EVG will das Berufsbild des Lokführers stärken / Deutliche Kritik am „Ausschreibungswahnsinn“
Der Vorsitzende der Eisenbahn- und Verkehrsgewerkschaft (EVG), Torsten Westphal, hat sich dafür ausgesprochen, das Berufsbild des Lokführers zu stärken. Auf dem EVG-Lokführer-Infotag in Nürnberg sagte er vor über 100 Lokführerinnen und Lokführern: „Ich möchte, dass der Beruf des Lokführers wieder zu einer echten Berufung wird. Deshalb brauchen wir einen dauerhaften Personalaufbau, bei dem nicht die Frage ‚Wie kriegen wir am schnellsten neue Lokführer‘, sondern eher der Anspruch ‚Wie kriegen wir die besten Lokführer‘ im Vordergrund steht“. Davon wären die Eisenbahnverkehrsunternehmen noch weit entfernt.

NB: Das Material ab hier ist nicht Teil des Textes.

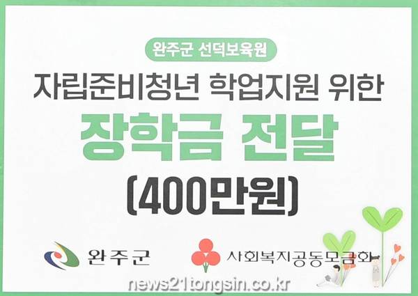 [전북=뉴스21] 오충일 기자= 완주군이 지난 19일, 자립준비청년 4명에게 학업지원을 위한 장학금 400만 원을 전달했다.

Die Veränderungen im Berufsbild, die immer weiter zunehmende Arbeitszeitverdichtung aber auch irrwitzige Schichtpläne seien Herausforderungen, denen sich die EVG annehmen werde. „Ich möchte, dass wir uns bei den Lokführerinnen und Lokführern wieder auf das besinnen, was diesen Beruf ausmacht“, erklärte Torsten Westphal. Für die EVG bedeute das: „Die Besten gewinnen wir nicht über Billig-Crashkurse, die Besten bekommen wir nur über eine Ausbildung, die ihren Namen auch verdient“, so der EVG-Vorsitzende.
Sicher sei es möglich, eine Lok auch nach einer kurzen Funktionsausbildung zu fahren. „Wer aber möchte, dass wir dauerhaften Personalzuwachs bekommen, wer das Ziel hat, den Beruf des Lokführers aufzuwerten und wer dafür einsteht, dass sich das Berufsbild verbessert, der muss den Ausbildungsberuf stärken“, stellte Torsten Westphal fest.
Nur so sei ein umfassendes Verständnis und eine große Identifikation mit dem Gesamtsystem Eisenbahn gewährleistet; nur eine fundierte Ausbildung ermögliche den Beschäftigten einen Berufswechsel im „System Bahn“, wenn dieser erforderlich oder gewünscht sein sollte. „Dafür werden wir uns als EVG weiterhin stark machen“, erklärte Torsten Westphal.
Gleichzeitig kritisierte der EVG-Vorsitzende den augenblicklichen „Ausschreibungs-Wahnsinn“ bei Bus und Bahn im Personennahverkehr. „Der wird immer öfter auf dem Rücken der Beschäftigten ausgetragen; das können und das werden wir nicht zulassen“, machte Torsten Westphal deutlich. Auch die Reisenden bekämen zunehmend die Folgen eines Wettbewerbs zu spüren, der mit den ursprünglichen Zielen nichts mehr zu tun habe. „Statt die Angebote zu verbessern, geht es heute fast immer nur darum, dem billigsten Anbieter den Zuschlag zu erteilen. Dass das nicht gut gehen kann, zeigt sich immer häufiger“, so der EVG-Vorsitzende.
So musste in Nordrhein-Westfalen der Betrieb einer S-Bahn-Linie von Keolis/eurobahn aufgrund von Personalmangel wieder zurück an die DB übertragen werden. Personalmangel war auch der Grund, warum das Land Niedersachen die Nordwestbahn erneut abgemahnt hat. In Baden-Württemberg und Bayern sind mangelnde Zuverlässigkeit und veraltete Technik der Grund für Beschwerden. „Und im Saarland beklagen meine Kolleginnen und Kollegen, dass das Unternehmen Vlexx die Beschäftigten in ihren Pausen – ohne entsprechende Räume – im wahrsten Sinne des Wortes im Regen stehen lässt“, erläuterte Torsten Westphal.
Die Forderung der EVG an die politisch Verantwortlichen sei vor diesem Hintergrund ganz klar: „Wer in diesem Land eine Bahn betreiben will, muss Sorge für gute Beschäftigungsbedingungen tragen, weil es ansonsten nicht gelingen wird, ausreichend neues Personal einzustellen. Dazu gehört, dass bei einer Personalübernahme die bestehenden Einkommen und Beschäftigungsbedingungen gesichert werden, dazu gehört aber auch, dass insgesamt gute Löhne gezahlt werden und das ausgebildet wird“, forderte Torsten Westphal auf dem Lokführer-Infotag in Nürnberg.